Ideally, data would be separated into distinct training, test and validation sets. However, the relative scarcity of cleavage sites, and their different levels of reliability, present a challenge when preparing datasets for classification, and necessitate a different approach. A validation set consisting of a random quarter of the data was held out and used for parameter optimization. The rest of the data were used, once optimal parameters were chosen, in cross-validation to evaluate performance. When training, only the most reliable proteolytic sites, namely, sites that were marked VALIDATED, were used as positive examples, while a subset of the sites marked NON was used as negative examples. For the purpose of performance evaluation, on the other hand, it is important to use a set representative of all data. Thus, in the parts of the data used for testing, proteolytic sites that were marked VALIDATED or POTENTIAL were labeled positive, while those marked NON or AMBG were labeled negative.

Homologous sequences raise special difficulties due to the relationship between redundancy and information. It is therefore essential to handle them with care. One approach is to discard some of the protein sequences, in a way that maximizes coverage and minimizes redundancy (Hobohm et al., 1992) . The weakness of this approach is that it prevents learning from the subtle changes that exist between very similar sequences. For this reason, and due to the scarcity of annotated data, others and we decided to use all available data. This approach requires special precautions in order to minimize the risk of overestimating the predictive performance owing to training set and test set similarities. One way to avoid training and testing on homologous data is to divide the data into several partitions based on a phylogenetic tree, and then calculate the performance by cross-validation (Duckert et al., 2004) . We used a different approach, which is described in what follows. We argue that the task of classifying a site is naturally divided into two cases, depending on whether or not this site is similar (to a degree, homologous) to a known proteolytic site, i.e. a proteolytic site present in the training set. Classifying 'seen before' sites and 'new' sites are tasks that are different in nature, and have a different level of difficulty. This implies the need for two methods of classification, and, more important, for separate performance evaluation for the two tasks. In order to discriminate between the classification tasks, we analyzed 18-mers, arranged symmetrically around a potential proteolytic site, which were marked as VALIDATED or POTENTIAL. Each 18-mer was compared to its most similar known proteolytic site, and the number of identical residues was counted. Our analysis confirmed that 18-mer sites that share more than nine residues with a known proteolytic site are most likely to be proteolytic sites themselves ( Figure S1 ).

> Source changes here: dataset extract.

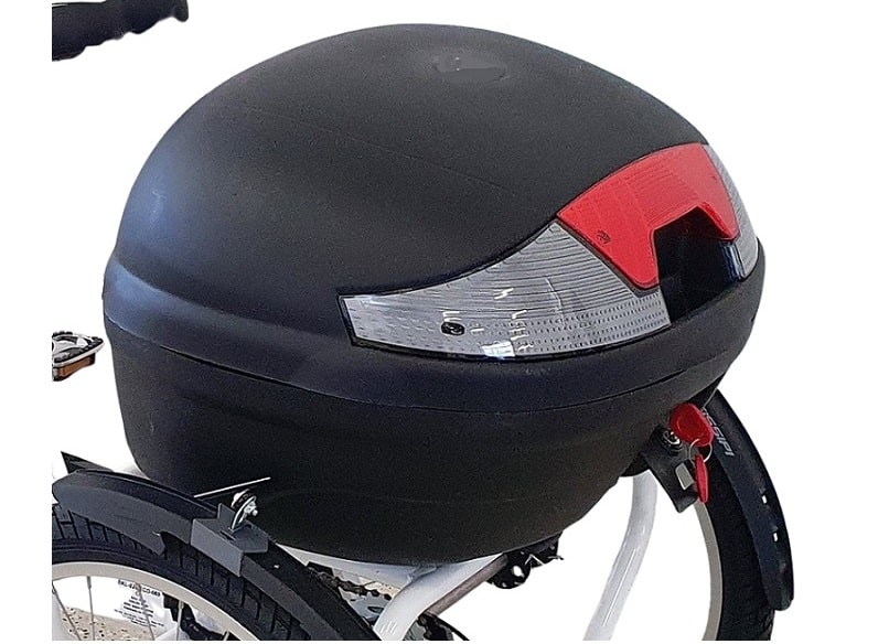 Kolmipyöräisessä sähköpyörässä iso tukeva teräskori takana ostoksille ja tavaroille.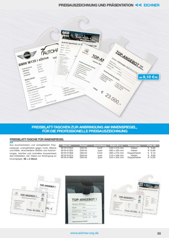 www.eichner-org.de 53PREISAUSZEICHNUNG UND PR%u00c4SENTATION << EICHNERPREISBLATT-TASCHEN ZUR ANBRINGUNG AM INNENSPIEGEL, F%u00dcR DIE PROFESSIONELLE PREISAUSZEICHNUNGab 9,10 %u20ac/StAus bruchsicherem und schlagfestem Polycarbonat, unempfindlich gegen Licht, W%u00e4rme und K%u00e4lte, verschiedene Gr%u00f6%u00dfen und Ausrichtungen, leichtes und schnelles Auswechseln des Infoblattes. inkl. Haken zur Anbringung an Innenspiegel. VE = 5 St%u00fcckPREISBLATT-TASCHE F%u00dcR INNENSPIEGEL>>Best.-Nr. Format Ausrichtung Ma%u00dfe (B x L) Befestigung Preis /St 9219-01054 DIN A4 hoch 340 x 210 mm Haken %u20ac 9,609219-01055 DIN A3 quer 380 x 420 mm Haken %u20ac 15,909219-01056 DIN A4 hoch 380 x 210 mm Doppelhaken %u20ac 9,109219-01074 DIN A4 quer 210 x 340 mm Haken %u20ac 9,609219-01089 DIN A3 quer 425 x 345 mm Doppelhaken %u20ac 14,20

We chose this threshold for dividing the data into 'new' and 'seen before' sites. The number of identical residues to the closest known proteolytic site was also used as an additional input feature for the classifier. This feature improves the classification results ( Figure S2 ). Figure 1 reveals that, as expected, the tasks of classifying 'seen before' sites and classifying 'new' sites, are different in nature, and confirms the need for two separate performance evaluations. In addition, a classifier trained to identify 'new' sites was more successful at identifying 'new' sites than a classifier trained to identify 'seen before' sites ( Figure 1B ).

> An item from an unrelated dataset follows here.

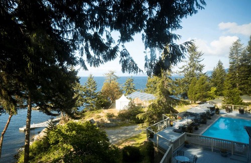 the rockwater secret cove resort is an iconic destination in halfmoon bay, british columbia Nestled into a cliff overlooking the Strait of Georgia, Rockwater provides a tranquil paradise at the intersection of ocean and forest. The resort features tree-top boardwalks, expansive lawns, and stunning ocean views, creating an unforgettable backdrop for every retreat, special event, and weekend getaway.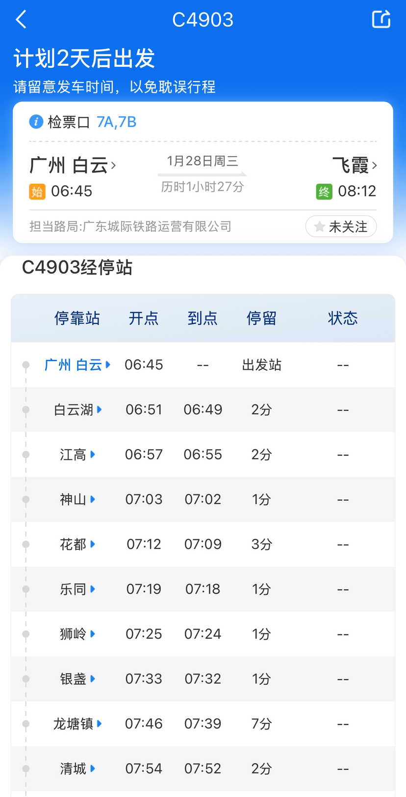 12306系统显示,广州白云站出发,往清远的北向列车终点有清城站、飞霞站等长短线,以及多种快慢线。其中,广州白云站到清城站的特快列车,中途只停花都站,实现15分钟到达花都站,33分钟到达清城站;广州白云站到飞霞站的站站停列车,24分钟到花都站,67分钟到清城站,87分钟到终点站。

3.3.1 Parameter tuning A quarter of the data was picked out at random to serve only for tuning parameters, while the rest was used at the tuning stage for training. The held out set was divided into 'seen before' and 'new' sites, based on the maximal similarity to known sites in the training set. The two classifiers, for 'seen before' sites and for 'new' sites, were then, separately, optimized by evaluating precision vs. recall graphs based on the raw score output of Random Forest (RF). The inputs to the classifier were (i) a symmetrical window around the site, and (ii) the maximal identity to a known cleavage site, divided by the window size. For the classifier specialized in 'seen before' sites, we used a symmetrical window of 20 residues surrounding each site, a negative set 50 times larger than the positive set, and the internal weighting mechanism of RF was set to give a weight of 50 to the positive set, and 1 to the negative set. Mtry was set to 5, and 200 trees were found to be sufficient. For the classifier aimed at identifying 'new' proteolytic sites, we used a symmetrical window of 12 residues around each site, a negative set 50 times larger than the positive set, and the internal weighting was set to 2 for the positive set and 1 for the negative set. Mtry was set to 2 and 200 trees were again found to be sufficient. For the SVM classifier, we tried different polynomial kernels. The best degrees were found to be 4 and 6 for the 'seen before' and 'new' classifiers, respectively. The vectors fed to the SVMs were in sparse representation (Qian and Sejnowski, 1988) . The maximal identity value was used with the SVM the same way as with the RF classifier.

The data that was not used as testing data in the parameter optimization step (three quarters of the data) was used for 10-fold stratified cross-validation. Specifically, at each step of the cross-validation, nine-tenths of the data were used for training. The remaining tenth was used for testing after being divided into 'seen before' and 'new' sets with respect to the current training set. By 'stratified' we mean that each tenth part of the data contained the same proportion of VALIDATED, POTENTIAL, etc. sites. The parameters used were those found to be optimal in the parameter tuning step.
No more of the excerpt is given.